Im Camp angekommen, warten schon Zehntausende. Endlos viele Gesichter laufen an uns vorbei und doch scheint in dem Chaos eine Struktur zu sein. Gemüse wird fürs Abendessen geschnibbelt, die Frühstücksteller werden gespült, in den Toiletten werden Menstruationsprodukte nachgefüllt und die menschlichen Überbleibsel entsorgt. Im Camp treffen wir eine weitere Freundin von der FU. Hier gibt sie sich den Waldnamen ‚Waschbär’. Wir wollen uns später im Dorf wieder treffen. 
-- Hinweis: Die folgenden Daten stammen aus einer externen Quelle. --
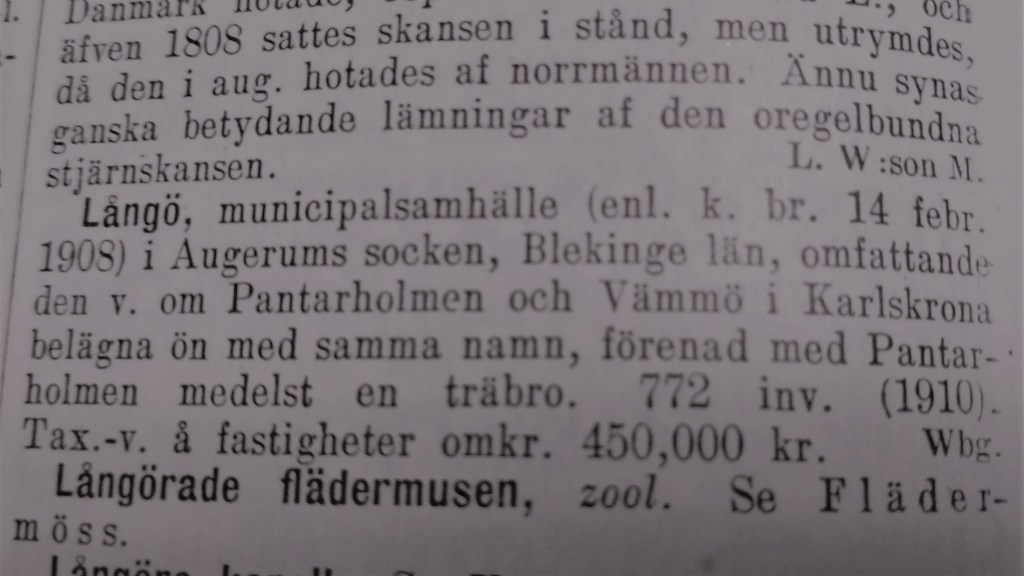 Nordisk Familjeboks berömda Uggleupplaga, utgiven i 38 band åren 1903-26, anses vara den mest kompletta encyklopedi som vårt land producerat i bokform. För att kontrollera om detta påstående möjligen kunde hålla streck, sökte jag naturligtvis efter Långö – och som synes ovan fanns glädjande nog en liten artikel om vår kära hemvist med.

Lebendige Stimmen im toten Dorf

Später treffen wir uns vor der Dorfkirche, die seit ihrem Verkauf an die RWE AG leer steht. Von dort aus schließen wir uns der Demonstration an. Es ist ein sehr regnerischer und windiger Tag. Die Demonstrierenden schaffen es nicht, einen lauten und kontinuierlichen Gesang aufrechtzuerhalten. Lu meint, dass nicht mehr dieselbe Energie herrsche wie vor ein paar Jahren. Sie vermutet, dass „diese Leute das schon hundertmal gemacht haben”. Ich merke, dass ohne die Präsenz der Medien, die Rufe der Demonstrant*innen in dem leeren Dorf ungehört blieben. 

Im Camp sammeln sich Protestierende zum Frühstück. Foto: Gabriella Gonçalves Pretelli.

Das Geisterdorf ist ein lebendes Memorium für das, was uns am Ende der Demo erwartet. Da der Demozug sich nicht mehr bewegt, bringt uns mit vielen anderen die Neugier zur Abrisskante. Das Nichts erstreckt sich bis zum Horizont. ‚Waschbär’ nennt es eine „offene Wunde der Erde“. Ihre Größe lässt sich nur schwer beschreiben. Während wir das Loch anstarren, rauschen Hunderte von Polizisten an uns vorbei in Richtung Lützerath.

Demonstrierende versus Polizei: „Wir sind mehr!”

Im Chaos der rennenden Hundertschaften verlieren wir ‚Waschbär’. Die Menschenmasse drückt sich immer weiter rein nach Lützerath. Tagelanger Regen und die Schuhsohlen Zehntausender verwandeln das Ackerland vor Lützerath im Agincourt-Stil zu einem Schlachtfeld. Die Polizei hat seit der ersten Woche der Räumung einen Zaun um das Dorf hochgezogen. Auf dem Feld vor dem Zaun haben sie eine weitere Linie errichtet, an der Hunderte von Polizisten warten. Die Demonstrant*innen beginnen sich vor dieser ersten Polizeikette zu sammeln. Im Chaos der Massen verblasst die legale Grenze. Beim Versuch, nach Lützerath vorzudringen, eskaliert es: Rennende Hundertschaften drängen in die Menschenmasse. Eingeschüchtert halten Lu und ich Distanz. Plötzlich marschieren mehrere Kolonnen, die von einer vorderen Fahne angeleitet werden, von hinten rein. 

Nach einem dramatischen Durchbruch durch die erste Polizeikette traue ich mich, mir die Lage näher anzugucken. Verunsichert schaue ich mich um. Um mich herum stehen Menschen mit ihren Hunden und mit ihren Kindern. In derselben Masse finde ich blutverschmierte Bandagen, Menschen mit Kopfverletzungen und Menschen, die sich heulend die Augen reiben. In einer nahegelegenen Straße kann ich mehrere Krankenwagen sehen, die versuchen, zu den Verwundeten vorzudringen. Immer wieder hören wir die Drohung der Polizei, den Wasserwerfer einzusetzen. 

Beim Versuch der Protestierenden, nach Lützerath vorzustoßen, kommt es zu einer heftigen Konfrontation mit der Polizei. Foto: Gabriella Gonçalves Pretelli.

Doch der Durchbruch durch die erste Polizeikette hat die Menschen, die vorher verunsichert hinten standen, nach vorne gebracht. Immer größere Teile der ursprünglichen Demonstration setzen sich in Bewegung. Immer wieder schreien die Massen: „Wir sind mehr!“. Es sind so viele, dass sich die Polizei zum Zaun zurückzieht. In der Ferne, im Wald von Lützi, sieht man die letzten Besetzer*innen auf ihren Monopods und in den Baumhäusern. 

Mit der Dämmerung laufen wir erschöpft ins Camp zurück. Unsere Gedanken sind bei den Verletzten. Wir haben die Hoffnung, dass von den Zehntausenden, die heute mitgemacht haben, wieder so viele dabei sind, wenn unser Protest das nächste Mal notwendig wird.